Animation, Character Setup, and Deformers

Keyframe Animation
Nonlinear Animation
After animating a character with keyframes or motion capture, you can collect its animation data into a single, editable sequence. This animation sequence is called an animation clip.
In Maya, there are two types of clip: source clips and regular clips. Maya preserves and protects a character's original animation curves by storing them in source clips. You do not use source clips to animate your characters. Instead, you use copies or instances of source clips called regular clips to animate your characters nonlinearly. See Animation clips.
Moving, manipulating, and blending regular clips to produce a smooth series of motions for a character is the basis of nonlinear animation. The tool with which you manage all these aspects of a character's nonlinear animation is the Trax Editor.
Path Animation
A path animation controls the position and rotation of an object along a curve. A NURBS curve cannot be designated as a motion path. An object must first be attached to the curve for it to become a path curve. See To create a motion path by attaching an object to a curve. You can also generate motion paths by animating objects using motion path keys. See To create a motion path using motion path keys.
Motion Capture Animation
Skeletons
Skeletons are hierarchical, articulated structures that let you pose and animate bound models. A skeleton provides a deformable model with the same underlying structure as the human skeleton gives the human body.
Just like in the human body, the location of joints and the number of joints you add to a skeleton determine how the skeleton's bound model or `body' moves. When you bind a model to a skeleton, it is called skinning.
Forward Kinematics
Forward Kinematics is an animation method that involves moving each joint without the restriction of an expected final position. Thus, the 'goal' is to move a joint (or series of joints) as desired, and the final pose is a consequence of those movements.
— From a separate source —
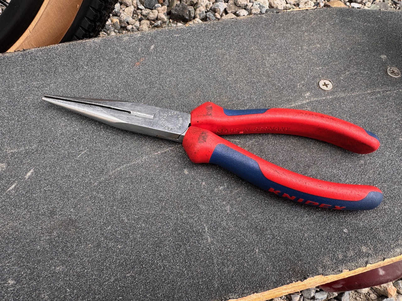 用いるのはラジオペンチ(ミッシングリンクの専用工具はなくとも、ラジペンは工具箱に入っている人も多いでしょう。なくても、ダイソーのラジペンで十分)。

Forward Kinematics is often used for finely-tuned joint movement (such as hands & fingers), as it allows for more complete control over posing. For more information, see Forward kinematic animation.
Inverse Kinematics
The reverse of Forward Kinematics, Inverse Kinematics is a method that involves defining a final pose, and generating joint movement as needed to reach that pose. Thus, the 'goal' is for all joints to be in a final pose, and the individual joint movements are a consequence of getting to that final pose. Joints must have carefully defined limits to their possible motion for Inverse Kinematics to work well, or the joints can end up 'flopping' before reaching the goal pose. Inverse Kinematics is often used for large limb movement (such as walking, reaching, etc.). For more information, see Inverse kinematic animation.
Full Body IK Solver
When Alias bought Kaydara, Maya got an upgrade, from Kaydara Motion Builder, with a full body IK solver (FBIK Solver) which simulates real body kinematics. The package comes with a biped and a quadruped FBIK samples.
Skinning
Skinning is the process of setting up a character's model so that it can be deformed by a skeleton. For more information on skeletons, see What are skeletons?. You skin a model by binding a skeleton to the model. You can bind a model to a skeleton by a variety of skinning methods, including smooth skinning and rigid skinning. Smooth skinning and rigid skinning are direct skinning methods. You can also use indirect skinning methods, which combine the use of lattice or wrap deformers with either smooth or rigid skinning.
Constraints
Constraints enable you to constrain the position, orientation, or scale of an object to other objects. Further, with constraints you can impose specific limits on objects and automate animation processes.
Character Sets
In Maya, a character set is a node that brings together into a set all the attributes of any collection of objects that you want to animate together. The character set could be anything: a well-armed robot, an automobile, or even some seemingly unrelated collection of objects. Maya enables you to bring together all the attributes together in a character node, so you only have to select one node, the character node, when you want to animate all the various attributes.
Deformers
deformers are high-level tools that you can use to manipulate (when modeling) or drive (when animating) the low-level components of a target geometry. In other software packages, the terms modifiers and space warps are used to refer to what Maya calls deformers. The following are the many types of deformers: Blend Shape deformer, Lattice deformer, Cluster deformer, Nonlinear deformers, Sculpt deformer, Soft Modification deformer, Jiggle deformer, Wire deformer, Wrinkle deformer, Wrap deformer, Point On Curve deformer.

Dynamics and Simulation

Particles
Particles are points that display as dots, streaks, spheres, blobby surfaces, or other items. You can animate the display and movement of particles with various techniques; for example, keys, expressions, and fields such as gravity. Effective for smoke, water droplets etc.
Fields
the motion of natural forces can be simulated with dynamic fields. For example, you can connect a vortex field to emitted particles to create swirling motion.
Soft Body Simulation
You can recreate a geometric object as a flexible object called a soft body. You can use various animation techniques to make the soft body bend, ripple, and bulge like soft objects in nature.
Rigid Body Simulation
A rigid body is a polygonal or NURBS surface converted to an unyielding shape. Unlike conventional surfaces, rigid bodies collide rather than pass through each other during animation. To animate rigid body motion, you use fields, keys, expressions, rigid body constraints, or collisions with particles.
Effects
Maya effects are built-in programs that make it easy for you to create complex animation effects such as smoke and fire. Each Maya effect offers many options and attributes for tuning the results.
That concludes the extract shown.